Nirad Narayan Mohapatra (12 November 1947 – 19 February 2015) was an Indian film director. Mohapatra was born in the Indian state of Odisha. He directed the Oriya language film Maya Miriga, television soap operas and documentaries.

Early life
Mohapatra's father a journalist who was against British rule and entered politics after India obtained independence. His mother was a schoolteacher. Nirad was the eldest of 7 children. As a child he visited a cinema near his house in Bhadrak, Odisha. Nirad obtained a B.A degree with distinction in 1967', then enrolled for postgraduate studies in Political Science at Utkal University. He discontinued them in 1968 to start a diploma in film directing at the Film and Television Institute of India in Pune. He completed the diploma in 1971 and worked as a lecturer at the Institute from 1972.

Career
In 1974 he founded Cinexstasy, a film society at Bhubaneswar, Odisha, screening classics of world cinema accompanied by analysis. He ran the society until 1983. He edited the film section of arts journal Mana Phasal, continued to lecture at FTII, wrote for national journals, made documentary films and taught a film appreciation course at Utkal University.

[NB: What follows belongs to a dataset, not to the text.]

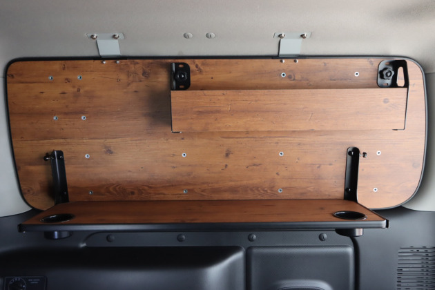 運転席側のリアウィンドウにはES TX ウィンドウパネルを装着し、ES TXテーブルとES TXケミカルトレーをカスタムしました。窓スペースを有効活用して食事ができるテーブルや、小物が収納できる収納スペースができあがります。

He married Sabita Mohanty in 1978, who, although the marriage was arranged, had attended the film appreciation course and Cinexstasy.

In 1984 Nirad made Maya Miriga, his first feature film, produced on a shoestring budget. It was shot in Puri, a beach-side town in Odisha. The film dealt with family issues, aspirations and break-up. It placed second in that year's Indian Panorama awards for Best National Film and was adjudged the Best Third World Film at International Film Festival Mannheim-Heidelberg, Germany. It received a special jury award at Hawaii International Film Festival, US. It was selected for the 'Critics Week' of Cannes Film Festival (France), BFI London Film Festival, Locarno Film Festival, Los Angeles Film Festival and other International Film Festivals. In 1985, he was invited to visit four US universities to lecture on film.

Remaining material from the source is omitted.